| TASK TO CARRY OUT |
Take each line of the entries below that contains "with" and copy it.
[DATASET ENTRIES Boundary: Start]
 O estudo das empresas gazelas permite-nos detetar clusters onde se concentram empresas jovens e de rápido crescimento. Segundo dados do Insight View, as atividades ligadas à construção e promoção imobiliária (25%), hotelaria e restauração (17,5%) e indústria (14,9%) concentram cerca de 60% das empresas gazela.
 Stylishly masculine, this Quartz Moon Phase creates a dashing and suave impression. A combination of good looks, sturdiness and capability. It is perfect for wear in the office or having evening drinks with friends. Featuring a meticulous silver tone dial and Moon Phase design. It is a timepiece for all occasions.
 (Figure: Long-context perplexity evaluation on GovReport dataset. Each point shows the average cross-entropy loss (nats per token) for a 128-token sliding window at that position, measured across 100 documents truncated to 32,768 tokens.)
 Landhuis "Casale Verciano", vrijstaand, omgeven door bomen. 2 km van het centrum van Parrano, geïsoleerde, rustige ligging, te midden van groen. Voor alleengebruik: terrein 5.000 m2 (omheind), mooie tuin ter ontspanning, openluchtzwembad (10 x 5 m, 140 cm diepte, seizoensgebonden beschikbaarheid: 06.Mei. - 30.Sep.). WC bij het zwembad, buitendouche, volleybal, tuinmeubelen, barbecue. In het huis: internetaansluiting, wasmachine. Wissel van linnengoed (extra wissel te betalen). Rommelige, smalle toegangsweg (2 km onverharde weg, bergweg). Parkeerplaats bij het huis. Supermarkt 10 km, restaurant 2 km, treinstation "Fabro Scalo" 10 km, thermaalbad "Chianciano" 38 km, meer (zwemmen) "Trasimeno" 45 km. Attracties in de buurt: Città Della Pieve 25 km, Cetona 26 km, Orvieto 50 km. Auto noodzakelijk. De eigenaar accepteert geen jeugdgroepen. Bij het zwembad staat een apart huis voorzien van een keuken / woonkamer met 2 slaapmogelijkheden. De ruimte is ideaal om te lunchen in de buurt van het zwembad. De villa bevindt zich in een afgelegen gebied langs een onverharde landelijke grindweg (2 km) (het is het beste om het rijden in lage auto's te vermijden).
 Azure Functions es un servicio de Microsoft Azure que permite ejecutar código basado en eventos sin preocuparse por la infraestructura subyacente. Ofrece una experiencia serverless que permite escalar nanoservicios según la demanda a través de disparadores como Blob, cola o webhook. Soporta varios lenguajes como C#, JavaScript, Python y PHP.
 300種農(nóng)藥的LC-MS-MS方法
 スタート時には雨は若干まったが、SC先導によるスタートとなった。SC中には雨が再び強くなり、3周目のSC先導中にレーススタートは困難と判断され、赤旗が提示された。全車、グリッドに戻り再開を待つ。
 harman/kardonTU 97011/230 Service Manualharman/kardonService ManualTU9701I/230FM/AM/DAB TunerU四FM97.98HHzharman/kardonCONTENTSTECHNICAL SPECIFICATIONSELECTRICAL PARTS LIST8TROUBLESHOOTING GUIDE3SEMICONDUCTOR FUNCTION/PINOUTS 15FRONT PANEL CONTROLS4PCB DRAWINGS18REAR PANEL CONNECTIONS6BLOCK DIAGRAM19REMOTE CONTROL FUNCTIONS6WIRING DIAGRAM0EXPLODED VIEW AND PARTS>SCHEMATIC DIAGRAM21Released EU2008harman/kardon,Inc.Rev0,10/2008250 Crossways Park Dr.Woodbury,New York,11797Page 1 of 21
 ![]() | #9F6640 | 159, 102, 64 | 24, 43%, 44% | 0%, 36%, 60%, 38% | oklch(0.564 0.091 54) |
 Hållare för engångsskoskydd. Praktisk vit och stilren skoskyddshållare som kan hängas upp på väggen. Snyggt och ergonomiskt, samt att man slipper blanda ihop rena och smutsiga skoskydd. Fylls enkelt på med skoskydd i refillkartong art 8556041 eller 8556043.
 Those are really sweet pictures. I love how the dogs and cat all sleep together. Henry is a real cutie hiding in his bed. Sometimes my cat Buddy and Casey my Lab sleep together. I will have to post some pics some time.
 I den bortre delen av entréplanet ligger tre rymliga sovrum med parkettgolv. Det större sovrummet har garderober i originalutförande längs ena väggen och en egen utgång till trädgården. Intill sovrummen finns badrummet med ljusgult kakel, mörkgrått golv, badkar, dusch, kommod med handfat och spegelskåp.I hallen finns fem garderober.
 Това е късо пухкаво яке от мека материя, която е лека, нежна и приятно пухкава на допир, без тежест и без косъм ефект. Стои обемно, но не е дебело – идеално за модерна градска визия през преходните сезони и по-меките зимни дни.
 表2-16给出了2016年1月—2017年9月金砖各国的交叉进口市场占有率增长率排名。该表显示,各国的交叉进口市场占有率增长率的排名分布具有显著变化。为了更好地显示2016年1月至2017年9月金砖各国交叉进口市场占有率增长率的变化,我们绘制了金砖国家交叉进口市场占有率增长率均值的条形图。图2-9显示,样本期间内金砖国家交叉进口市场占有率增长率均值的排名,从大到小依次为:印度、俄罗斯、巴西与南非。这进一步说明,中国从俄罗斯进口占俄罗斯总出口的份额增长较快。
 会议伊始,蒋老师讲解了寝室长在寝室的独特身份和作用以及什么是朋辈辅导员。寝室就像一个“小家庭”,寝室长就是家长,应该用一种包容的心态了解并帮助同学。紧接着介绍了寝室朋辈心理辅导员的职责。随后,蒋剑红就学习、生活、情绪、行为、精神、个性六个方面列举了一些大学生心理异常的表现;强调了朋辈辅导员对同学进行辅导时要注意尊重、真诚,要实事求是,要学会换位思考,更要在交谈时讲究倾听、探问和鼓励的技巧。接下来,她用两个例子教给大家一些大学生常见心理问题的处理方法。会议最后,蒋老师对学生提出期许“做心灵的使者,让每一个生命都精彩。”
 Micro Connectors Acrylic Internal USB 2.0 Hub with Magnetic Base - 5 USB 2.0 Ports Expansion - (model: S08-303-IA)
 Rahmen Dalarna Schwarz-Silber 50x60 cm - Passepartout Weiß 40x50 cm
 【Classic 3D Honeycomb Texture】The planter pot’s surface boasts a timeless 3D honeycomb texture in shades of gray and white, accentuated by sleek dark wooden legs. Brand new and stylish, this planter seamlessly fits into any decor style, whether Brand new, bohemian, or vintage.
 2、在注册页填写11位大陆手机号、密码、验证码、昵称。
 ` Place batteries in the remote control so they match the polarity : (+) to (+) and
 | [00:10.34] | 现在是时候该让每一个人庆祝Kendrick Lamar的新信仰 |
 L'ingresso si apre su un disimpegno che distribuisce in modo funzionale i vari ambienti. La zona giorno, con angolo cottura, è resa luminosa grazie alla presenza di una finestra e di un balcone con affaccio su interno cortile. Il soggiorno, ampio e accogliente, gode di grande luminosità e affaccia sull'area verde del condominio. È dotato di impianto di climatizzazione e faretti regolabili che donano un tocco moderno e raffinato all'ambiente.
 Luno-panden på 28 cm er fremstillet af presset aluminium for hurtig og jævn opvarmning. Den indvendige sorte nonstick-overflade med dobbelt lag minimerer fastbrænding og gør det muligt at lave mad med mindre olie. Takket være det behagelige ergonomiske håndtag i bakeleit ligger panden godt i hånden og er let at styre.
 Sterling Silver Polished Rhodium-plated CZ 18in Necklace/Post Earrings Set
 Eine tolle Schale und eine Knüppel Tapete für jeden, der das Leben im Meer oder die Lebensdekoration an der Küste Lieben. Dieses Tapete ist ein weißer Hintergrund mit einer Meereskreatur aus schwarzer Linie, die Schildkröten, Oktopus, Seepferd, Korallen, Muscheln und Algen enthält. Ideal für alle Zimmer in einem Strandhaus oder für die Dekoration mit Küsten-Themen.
[DATASET ENTRIES Boundary: End]
| EXERCISE RESPONSE |
 Stylishly masculine, this Quartz Moon Phase creates a dashing and suave impression. A combination of good looks, sturdiness and capability. It is perfect for wear in the office or having evening drinks with friends. Featuring a meticulous silver tone dial and Moon Phase design. It is a timepiece for all occasions.
 Micro Connectors Acrylic Internal USB 2.0 Hub with Magnetic Base - 5 USB 2.0 Ports Expansion - (model: S08-303-IA)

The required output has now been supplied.